# Lush and sweat question



## Galavanting Gifts (Apr 21, 2009)

Is LUSH m&p and if so then how on earth do they prevent their soaps from sweating whilst on display?


----------



## OceanGirl-3 (Apr 21, 2009)

I think cause of the SLS'S in it 
I have tried a bases with nasty SLS and there dry i use bases that have non sls and they sweat too but i rather a non sls than an sls base 

I not sure if this is why *hides* what i have used and noticed
 

Some one will know   

Kristie

WELL SORRY NOT ALL THERE SOAP PRODUCTS HAVE SLS *RUNS & HIDES*


----------



## SiberianSF (Apr 22, 2009)

I don't know if it has to do with SLS or not, but maybe there is some kind of climate control going on inside of the stores? I have not had a soap sweat yet, but again, there is practically zero humidity where I live. Maybe they keep the store air dry on purpose?


----------



## topcat (Apr 22, 2009)

The Lush store near me has an open front - no doors - though it is in a shopping centre.  To handle, the soap feels dry to the touch.  Looking at the ingredients it seems to be a soap hybrid - some saponified ingredients, lots of water, and SLS, propylene glycol and hardeners - it doesn't seem to include the ingredients I have seen in MP bases which give it its meltability...I think people think it is MP as some MP bases contain propylene glycol.  PG isn't what gives MP its melting ability (not on its own anyway).

BTW - this is all just IMHO :wink: 

Tanya


----------



## pepperi27 (Apr 23, 2009)

I once saw a soap seller in a fair, his soaps were clearly mp and were sitting smack in front of the hot sun. Nothing was melting or sweating or anything. They were not wrapped either. I'm still surprised and suspect it maybe an ingredient in the soap but not sure which one.


----------



## Galavanting Gifts (Apr 23, 2009)

OceanGirl-3 said:
			
		

> I think cause of the SLS'S in it
> I have tried a bases with nasty SLS and there dry i use bases that have non sls and they sweat too but i rather a non sls than an sls base
> 
> I not sure if this is why *hides* what i have used and noticed
> ...



OceanGirl-3, I did the stupid thing recently of purchasing a huge batch of m&p recently without asking about the ingredients in it first, it arrived and I found out it had SLS in it GRRRRR to send it back or sell it on was not working for me and would have cost me more money in postage etc which I cannot afford to do, so i've used it and for those out there that are not concerned about it have been happy to still purchase it.
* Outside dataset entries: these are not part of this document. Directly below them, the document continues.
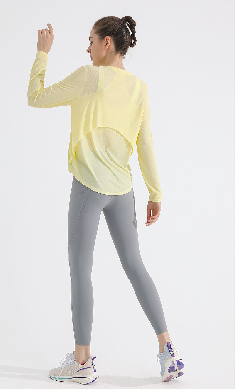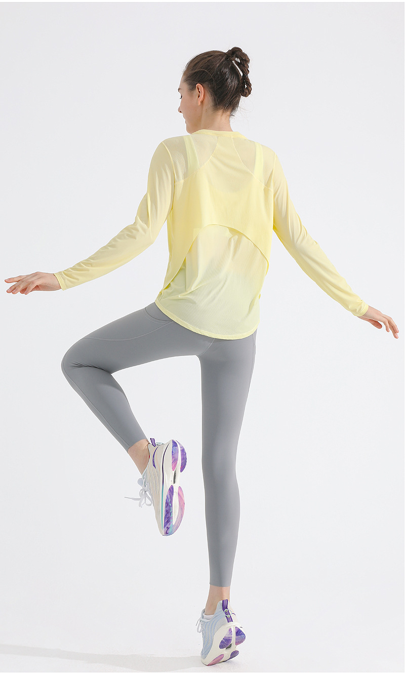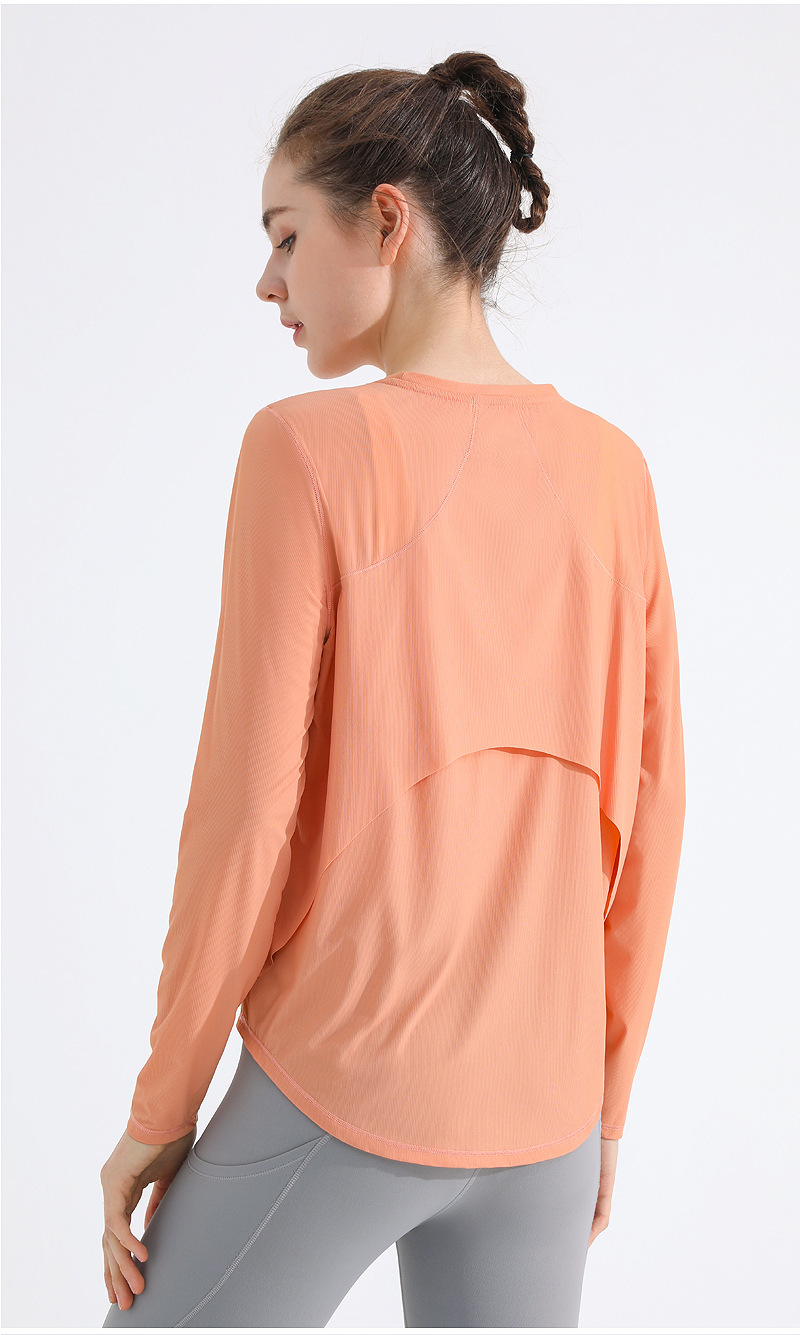 자외선 차단제 스포츠 블라우스 여성용 거즈 통기성 속건 피트니스 탑 느슨한 아메리칸 백 러닝 요가 의류 긴팔 티셔츠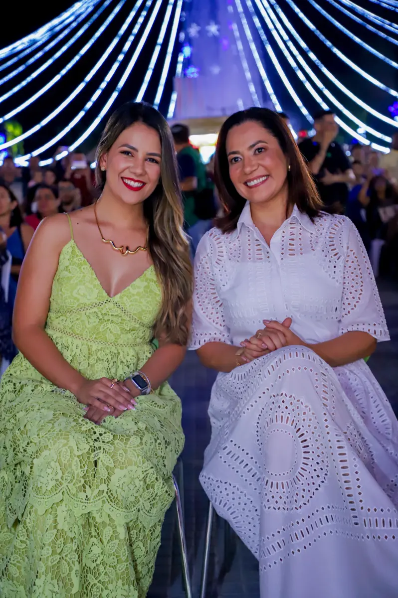 No final do evento, ela e a vice-governadora Mailza Assis entraram no clima natalino e colocaram gorros natalinos, bem no estilo Mamãe Noel.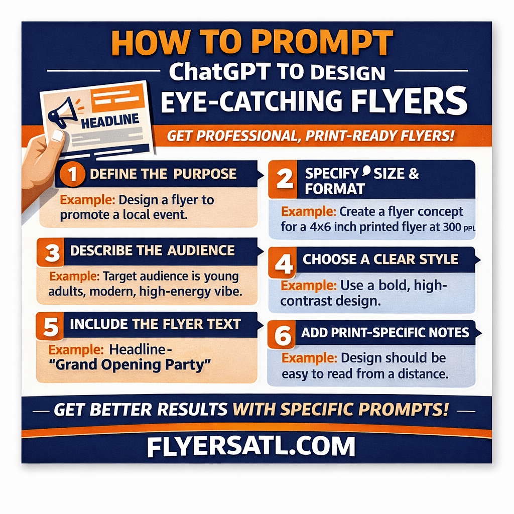 If you’ve ever asked ChatGPT to “make a flyer” and ended up with something generic, cluttered, or low-quality, this guide is for you. Below, you’ll learn exactly how to prompt ChatGPT to create flyers that look professional, print well, and actually get attention.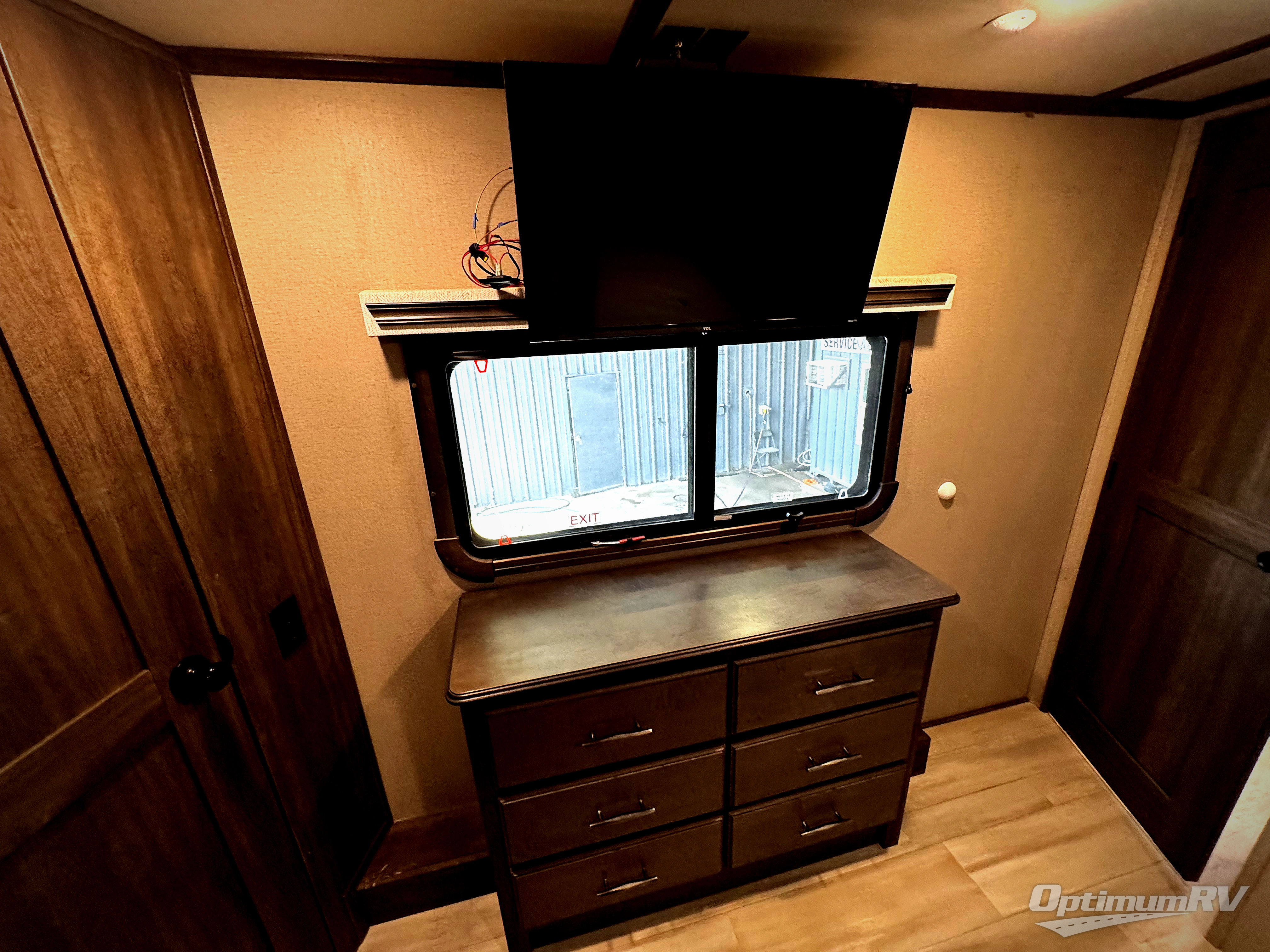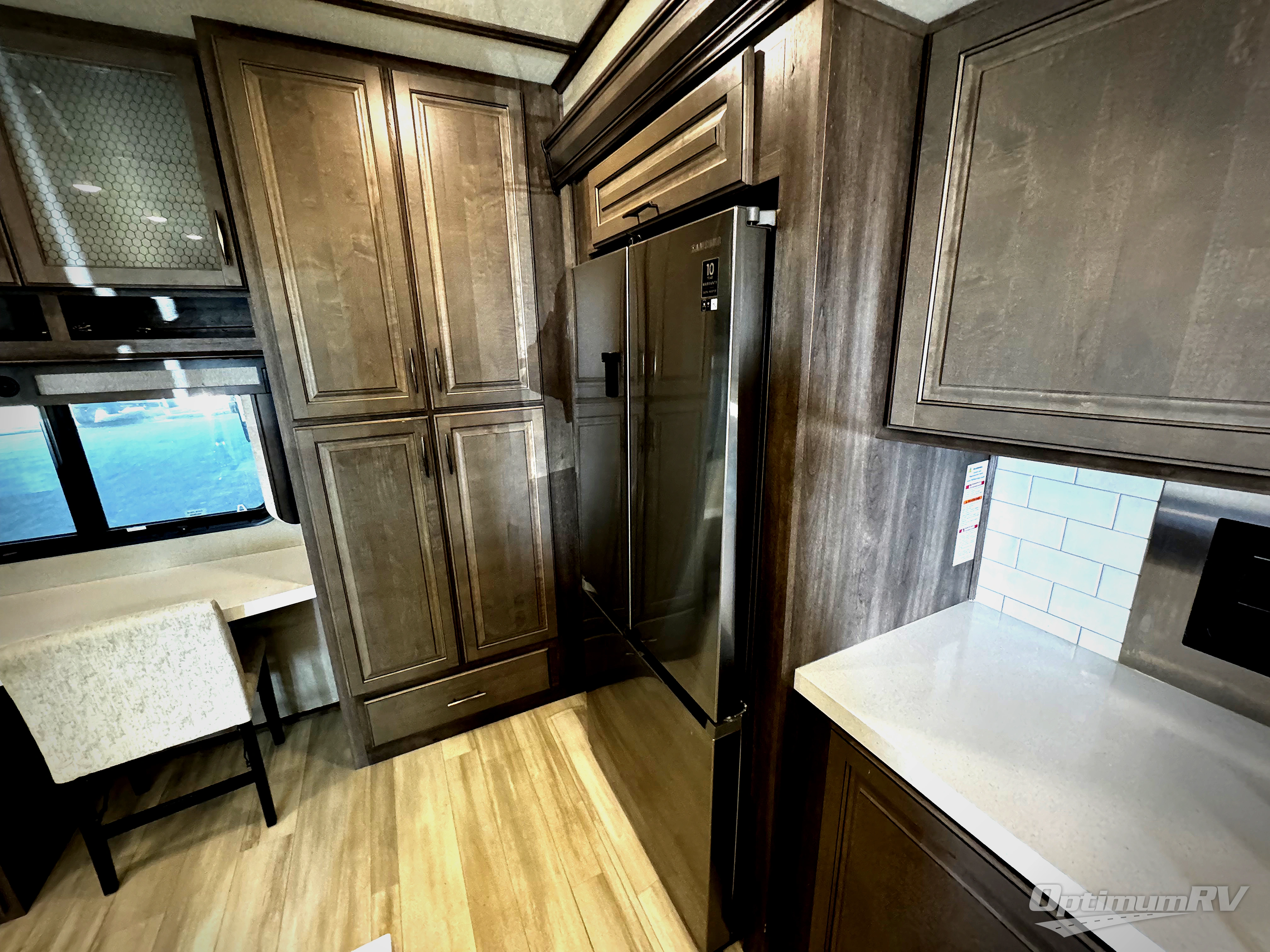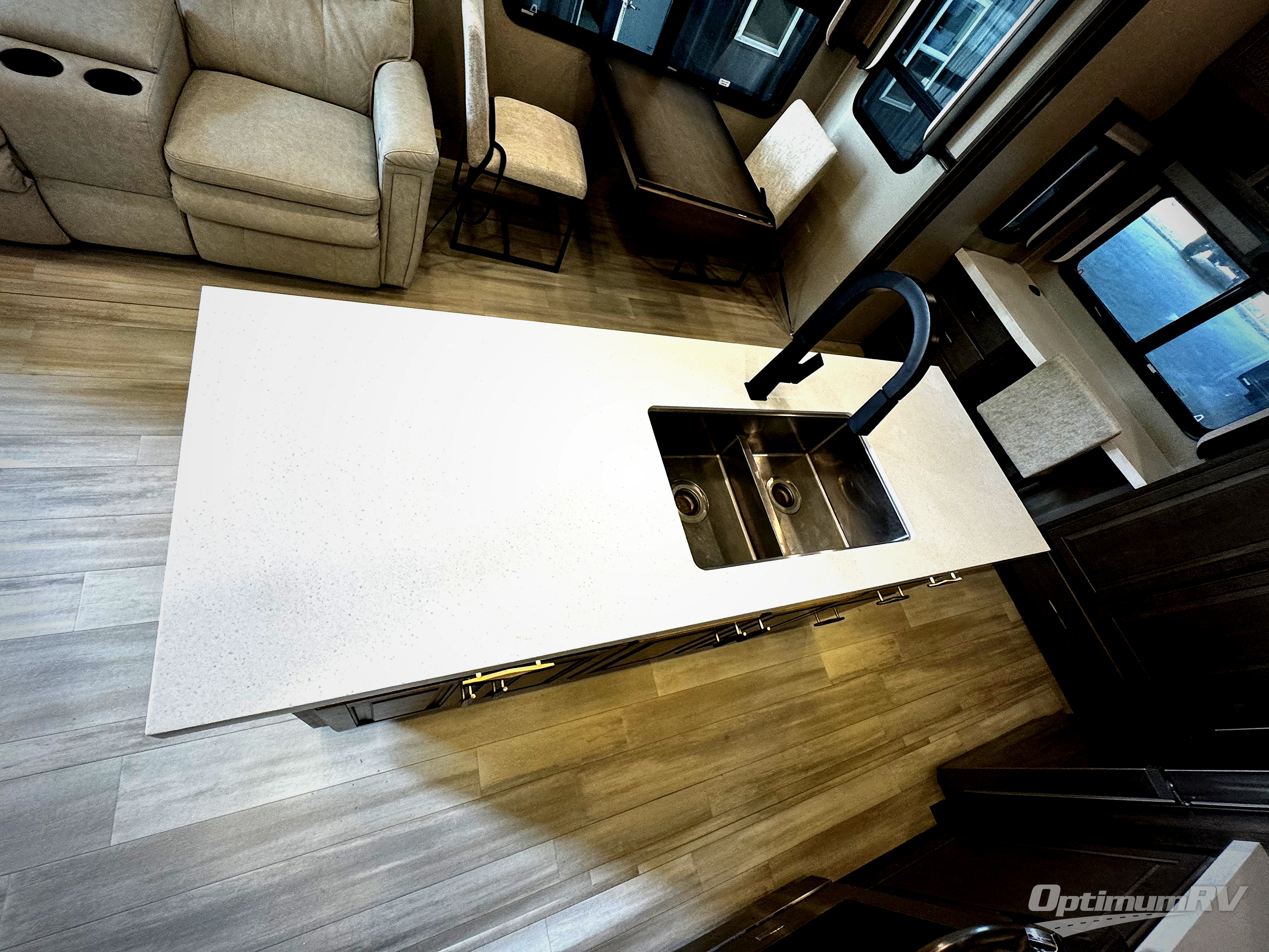 Love for traveling is just enhanced when you are towing this fifth wheel. From the smooth tow to the comfortable and functional interior, you will feel right at home. You can even work at the rear desk with USB charging outlet and overhead cabinets or at the free-standing dinette with chairs while away, and relax on the theatre seats and tri-fold sofa. The TV and fireplace add conveniences and comfort, and the kitchen is impressive with the 24" residential oven, the island with a space for a dishwasher option, and the oversized pantry. And you might like to add the exterior pull-out kitchen option for more choices when making meals. Be sure to place your shoes under the interior steps before heading to the full bathroom to get cleaned up and/or the front bedroom with a queen bed slide, more USB charging outlets for your electronics, a pull-out ottoman for convenience when getting ready, and a large wardrobe with mirrors plus a closet prepped for a washer/dryer option. You will also find a flip-top dresser with an LED TV.

It was just a silly mistake on my behalf, however I did find that it still sweats, must be out humidity.

WE MUST FIND THIS SECRET INGREDIENT LOL!!!


----------



## OceanGirl-3 (Apr 23, 2009)

> WE MUST FIND THIS SECRET INGREDIENT LOL!!!



  : Lets :twisted:


----------



## Galavanting Gifts (Apr 24, 2009)

O.K., Ocean Girl, how about YOU enter into a Lush store disguised as a cake of soap of your choice (I can't cause i'm too much of a sooky la la), I'll hook up a hidden mic to ya and you can go engage y'self in "Bubble talk" with da boss and draw out  her essential soaping secrets, if she refuses then pull out ya high powered hose and wash her soap away, hehehehehahahaha


----------



## ElenaCoralSoaps (Apr 24, 2009)

Lush is MP???? With such high prices I thought they made their soaps cold process. They have a display in our local macy's and people just gravatate toward it. Not that MP soap is unworthy of merit, it just takes longer to make cp and therefore accounts for the higher price


----------



## OceanGirl-3 (Apr 24, 2009)

PMSL haha i can just see it lol haha tha's classic though thanks for the laugh


----------



## starduster (Apr 25, 2009)

*You'll go far*



			
				Galavanting Gifts said:
			
		

> O.K., Ocean Girl, how about YOU enter into a Lush store disguised as a cake of soap of your choice (I can't cause i'm too much of a sooky la la), I'll hook up a hidden mic to ya and you can go engage y'self in "Bubble talk" with da boss and draw out  her essential soaping secrets, if she refuses then pull out ya high powered hose and wash her soap away, hehehehehahahaha



*Greatest idea ever!!!!!!!!!!!!!!!!!!!!!!!!!!!!!!!!!!!!!!*


----------